== About this exercise ==
Starting with the line that has "Double-terminated Rutile crystal" and finishing with the line that has "胃腸外科譚曙光主任醫(yī)", set down each line below exactly. Pictures are not copied.

== Task material ==
%%

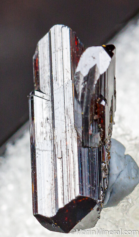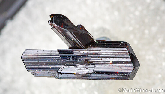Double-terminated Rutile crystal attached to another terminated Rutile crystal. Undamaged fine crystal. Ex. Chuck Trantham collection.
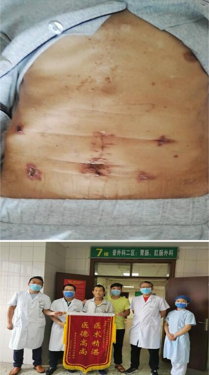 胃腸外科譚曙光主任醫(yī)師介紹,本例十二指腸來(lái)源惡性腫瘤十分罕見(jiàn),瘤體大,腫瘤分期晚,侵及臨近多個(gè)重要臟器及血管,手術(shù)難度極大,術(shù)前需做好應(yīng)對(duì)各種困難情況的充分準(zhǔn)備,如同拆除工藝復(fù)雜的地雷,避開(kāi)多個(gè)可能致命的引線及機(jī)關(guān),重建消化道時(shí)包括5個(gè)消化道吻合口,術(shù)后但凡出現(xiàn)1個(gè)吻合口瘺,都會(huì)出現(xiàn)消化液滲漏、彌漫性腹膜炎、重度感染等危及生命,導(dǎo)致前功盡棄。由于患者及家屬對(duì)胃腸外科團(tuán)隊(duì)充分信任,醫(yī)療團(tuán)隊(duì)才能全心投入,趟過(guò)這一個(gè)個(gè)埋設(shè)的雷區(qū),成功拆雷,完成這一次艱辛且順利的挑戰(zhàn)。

%%
%%

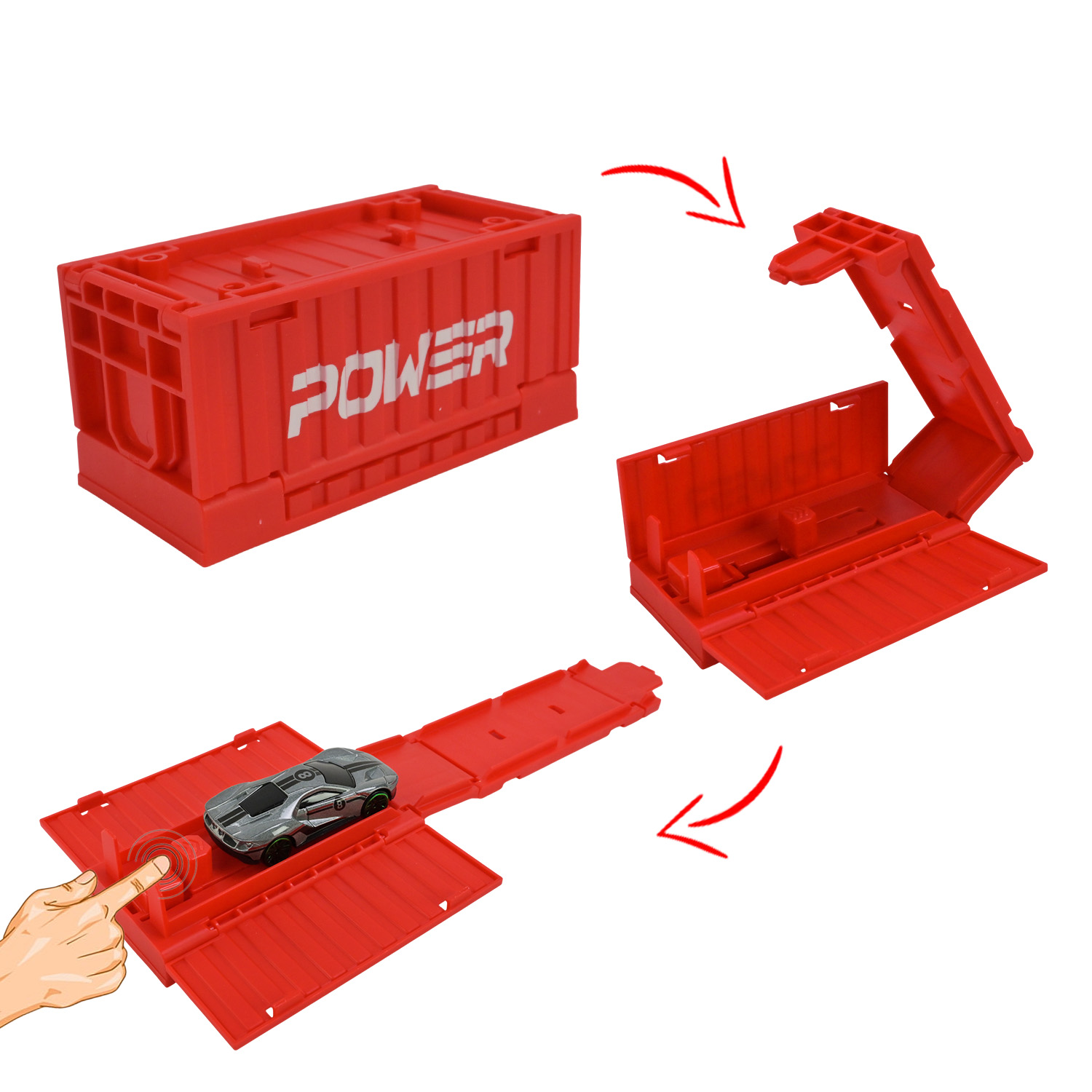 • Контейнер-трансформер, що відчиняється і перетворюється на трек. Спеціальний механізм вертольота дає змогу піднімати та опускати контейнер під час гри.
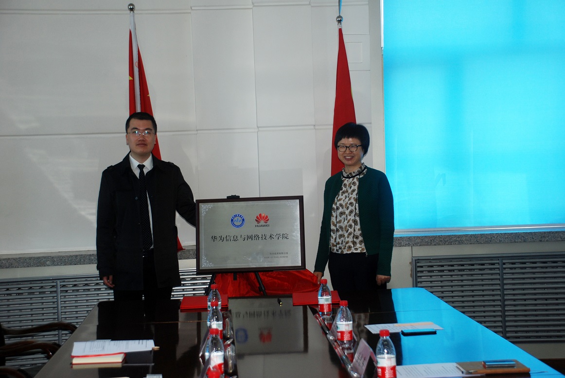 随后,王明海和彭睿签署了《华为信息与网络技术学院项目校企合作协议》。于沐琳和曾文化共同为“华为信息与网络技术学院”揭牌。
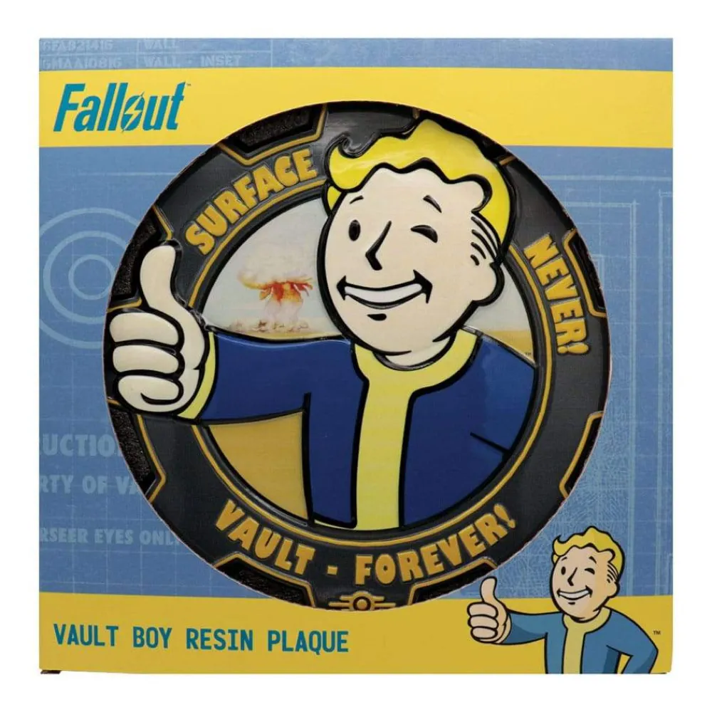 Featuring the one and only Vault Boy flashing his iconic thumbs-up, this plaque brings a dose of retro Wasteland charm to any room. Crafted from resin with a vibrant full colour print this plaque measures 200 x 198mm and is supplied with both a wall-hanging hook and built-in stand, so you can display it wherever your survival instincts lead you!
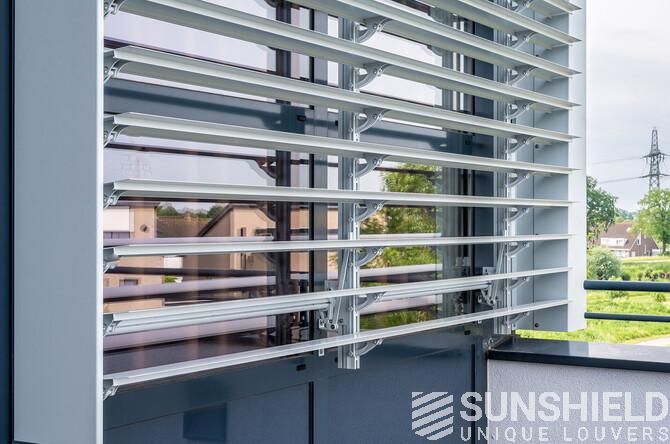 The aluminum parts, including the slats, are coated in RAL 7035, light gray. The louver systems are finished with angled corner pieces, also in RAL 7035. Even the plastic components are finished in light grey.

%%

== Answer ==
Double-terminated Rutile crystal attached to another terminated Rutile crystal. Undamaged fine crystal. Ex. Chuck Trantham collection.
 胃腸外科譚曙光主任醫(yī)師介紹,本例十二指腸來(lái)源惡性腫瘤十分罕見(jiàn),瘤體大,腫瘤分期晚,侵及臨近多個(gè)重要臟器及血管,手術(shù)難度極大,術(shù)前需做好應(yīng)對(duì)各種困難情況的充分準(zhǔn)備,如同拆除工藝復(fù)雜的地雷,避開(kāi)多個(gè)可能致命的引線及機(jī)關(guān),重建消化道時(shí)包括5個(gè)消化道吻合口,術(shù)后但凡出現(xiàn)1個(gè)吻合口瘺,都會(huì)出現(xiàn)消化液滲漏、彌漫性腹膜炎、重度感染等危及生命,導(dǎo)致前功盡棄。由于患者及家屬對(duì)胃腸外科團(tuán)隊(duì)充分信任,醫(yī)療團(tuán)隊(duì)才能全心投入,趟過(guò)這一個(gè)個(gè)埋設(shè)的雷區(qū),成功拆雷,完成這一次艱辛且順利的挑戰(zhàn)。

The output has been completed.